A month after an attempted coup by pro-American right-wingers in Venezuela failed to overthrow the popularly-elected government of Hugo Chavez in the world’s fourth largest oil-producing country, more and more details are becoming known of the US’s role it.
Immediately the coup took place on April 12, it was presented in the west as a popular uprising against an egocentric leader whose erstwhile followers had turned against him. US officials did not explicitly back the coup, paying lip-service to the importance of proper political process, but they endorsed the new government under businessman Pedro Carmona. They also supported the new regime’s claim that Chavez had resigned voluntarily, saying that he was “responsible for his own fate”.
Two days later, however, the ‘coup’ was dramatically reversed when Venezuela’s poorest people, who had been reported to have turned against Chavez, came into the streets to demand his reinstatement.

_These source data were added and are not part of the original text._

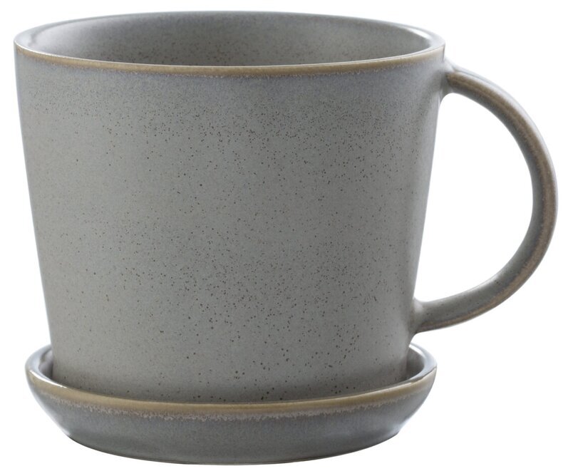 Glaserad tekopp med fat i stengods, finns i flera olika färger & storlekar. Tål maskindisk. Material: Stengods. Mått: Ø 10 x 8,5 cm.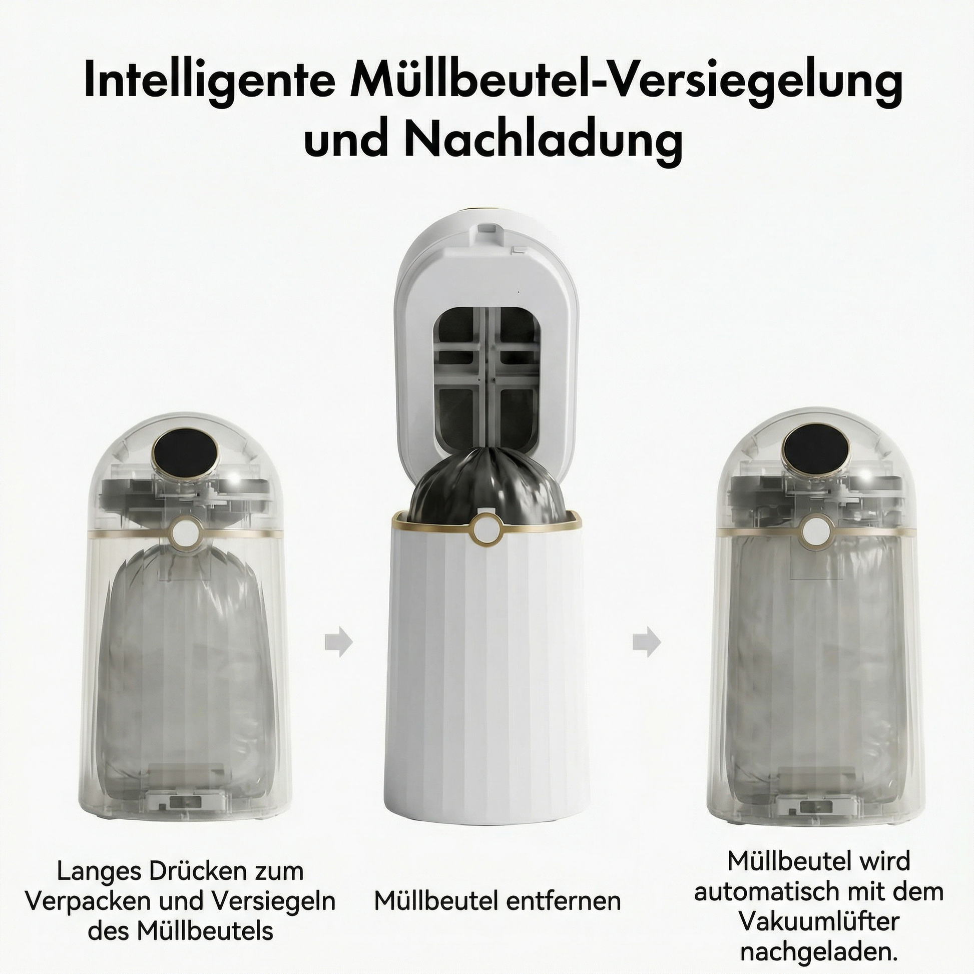 - Selbstwechselnd: Ein neuer Beutel wird automatisch eingesetzt und entfaltet.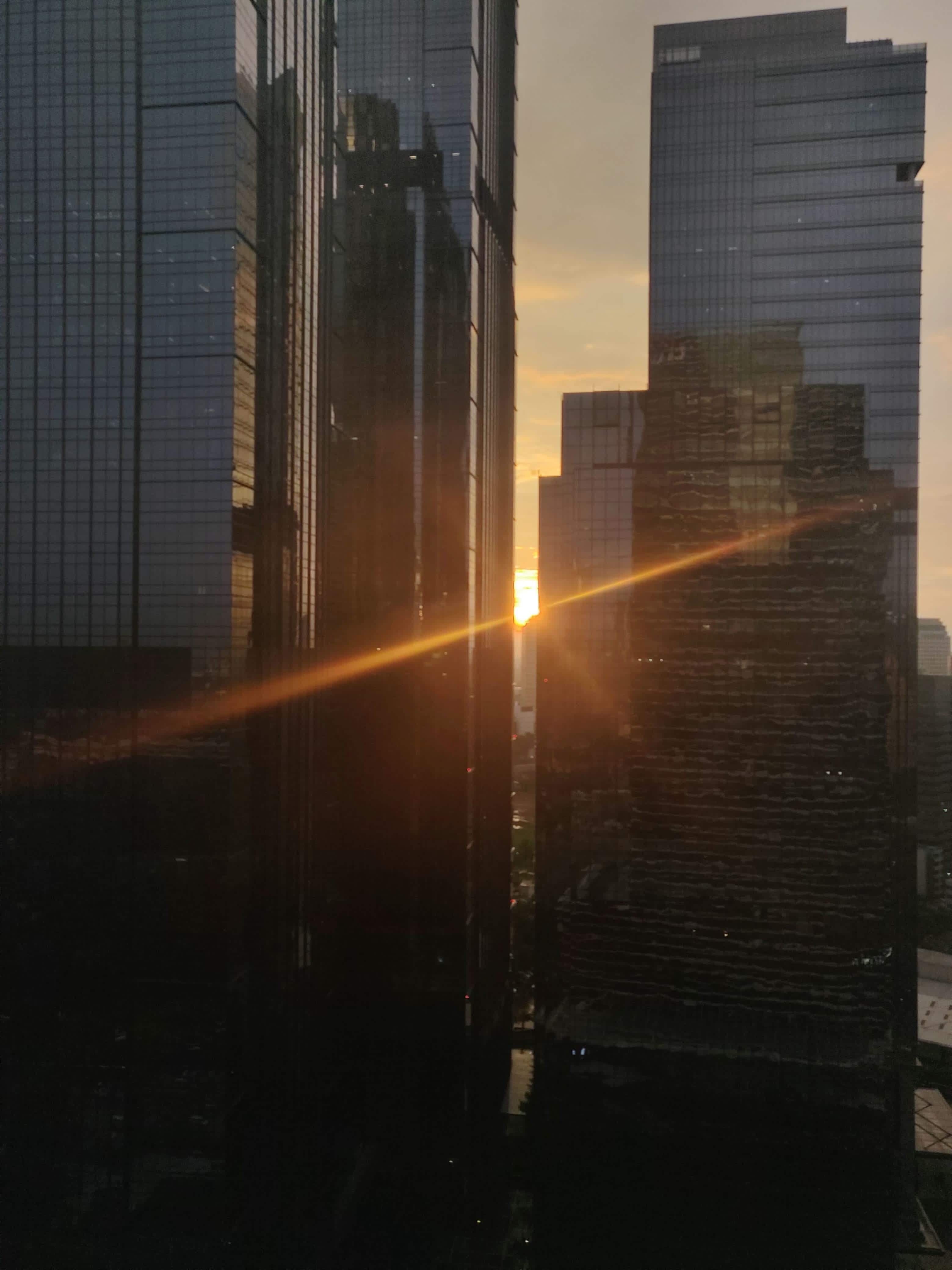 (My favourite view in Jakarta: the setting sun peeking from between the skyscrapers)

Details that have emerged since show that US officials were directly involved in planning the overthrow of a democratic regime, in a direct echo of the US’s role in Latin American affairs during the 1980s, under the Republican presidency of Ronald Reagan.
The BBC Newsnight program in London revealed on May 13 that Chavez survived the coup only because he was warned in advance by OPEC secretary general Ali Rodriguez that the US was planning to replace him in order to secure control of Venezuela’s oil production at a time when there is widespread anti-American feeling in the Middle East.

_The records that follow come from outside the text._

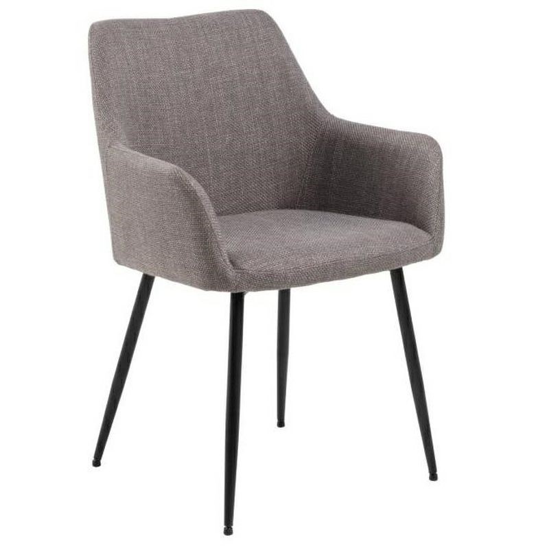 Krzesło Lizzy z podłokietnikami w jasnoszarym kolorze to elegancki i funkcjonalny mebel, idealny do jadalni lub salonu. Tapicerowane jest strukturalną tkaniną w odcieniu szaro-brązowym, co nadaje mu nowoczesny wygląd. Podstawa krzesła wykonana jest z czarnego, matowego metalu malowanego proszkowo, co zapewnia stabilność i trwałość. Krzesło Lizzy charakteryzuje się wygodnym siedziskiem i oparciem, a także podłokietnikami, które zwiększają komfort użytkowania. Maksymalne obciążenie wynosi 110 kg, a waga krzesła to 5,3 kg. To doskonały wybór dla osób ceniących styl i wygodę.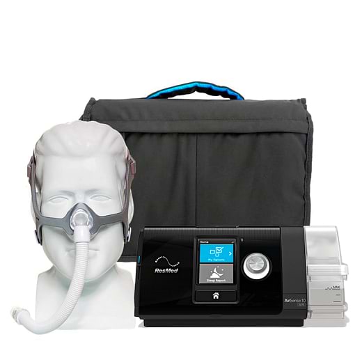Kit CPAP AirSense 10 Elite com Umidificador com a famosa máscara nasal Wisp, com armação em tamanho único e múltiplos tamanhos na embalagem.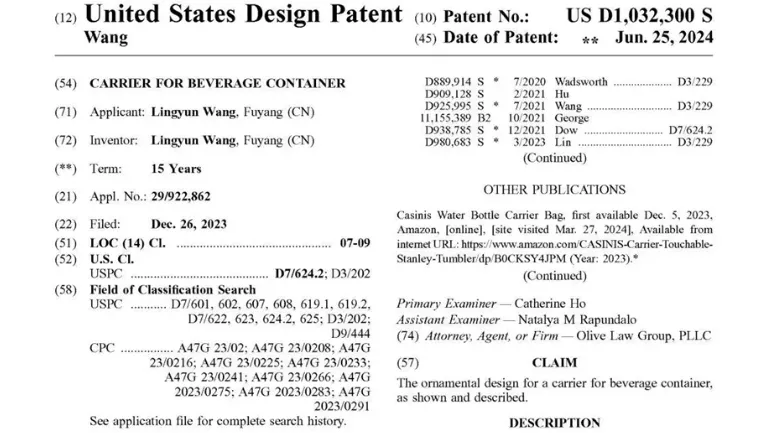 涉案专利:US D1,032,300 S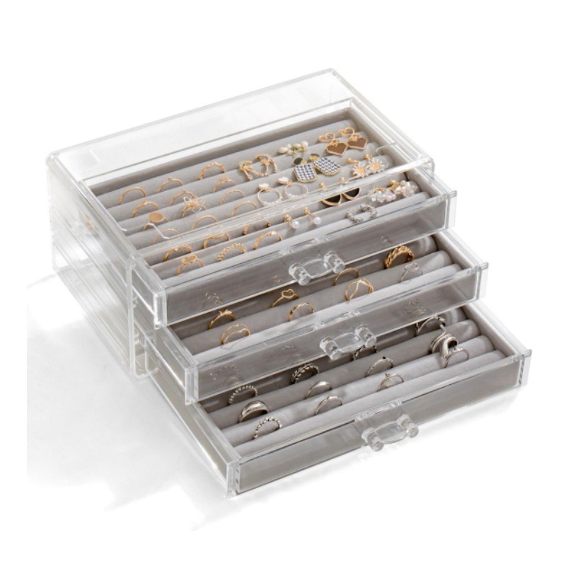 国境を越えた新製品アクリル3層引き出しジュエリーケース透明指輪収納ケースデスクトップ軽贅沢ピアス整理ケース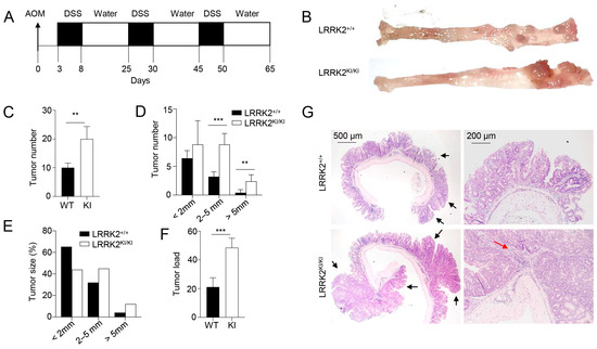 LRRK2 G2019S promotes the pathogenesis of colitis-associated colon cancer. (A) Schematic diagram for AOM/DSS-induced inflammatory carcinogenesis. We administered 8–12-week-old mice with AOM at a dose of 10 mg/kg mouse by intraperitoneal (IP) injection. Three days later, mice were given 2.5% DSS for 5 days, and then mice were rested for 16 days. This process was repeated for another two cycles starting on day 25 and day 45, respectively. Mice were euthanized on day 65 for analysis, as stated below. (B) Representative image of gross colons from LRRK2+/+ and LRRK2KI/KI mice. (C) Tumor numbers in colons of LRRK2+/+ (WT) and LRRK2KI/KI (KI) mice. (D) Tumor size distributions in colons of LRRK2+/+ and LRRK2KI/KI mice. (E) Tumor size percentage in colons of LRRK2+/+ and LRRK2KI/KI mice. (F) Average tumor load was determined by summing all tumor diameters for a given animal. (G) H&E staining of tumor sections from colons of LRRK2+/+ and LRRK2KI/KI mice. Black arrows point to the tumors. The red arrow points to tumor cells invading the lamina propria. p-values were determined by Student’s t test, with n = 5 mice/group in each experiment. Data represent the mean ± SD. *** p < 0.01 and *** p < 0.001. Data are from one representative experiment out of three independent experiments.

Chavez himself claimed on the program that he had tried to avert the coup by promising the US that he would refuse to join any proposed oil boycott (this was immediately after Ayatullah Khamenei’s proposal that Muslim states should stop oil production in protest against Israeli policies in Palestine), and that his life was saved because he had time to arrange for loyal troops to protect him when the coup began.
Newsnight also revealed the details of three previous attempts on Chavez’s life that had been financed by the US.
US connections with the coup had already been revealed by earlier press investigations. The Observer newspaper, London, reported on April 21 that diplomatic sources had revealed that the coup had been planned in Washington, and that senior Venezuelans involved, including Carmona, had visited Washington repeatedly until a few weeks before the coup to discuss the details.
The meetings took place at the White House and were convened by Otto Reich, president George W. Bush’s key policy-maker for Latin America. Reich is a right-wing Cuban-American who ran Reagan’s ‘Office for Public Diplomacy’, reporting directly to Colonel Oliver North, Reagan’s national security aide. He was also an ambassador to Venezuela during the 1980s.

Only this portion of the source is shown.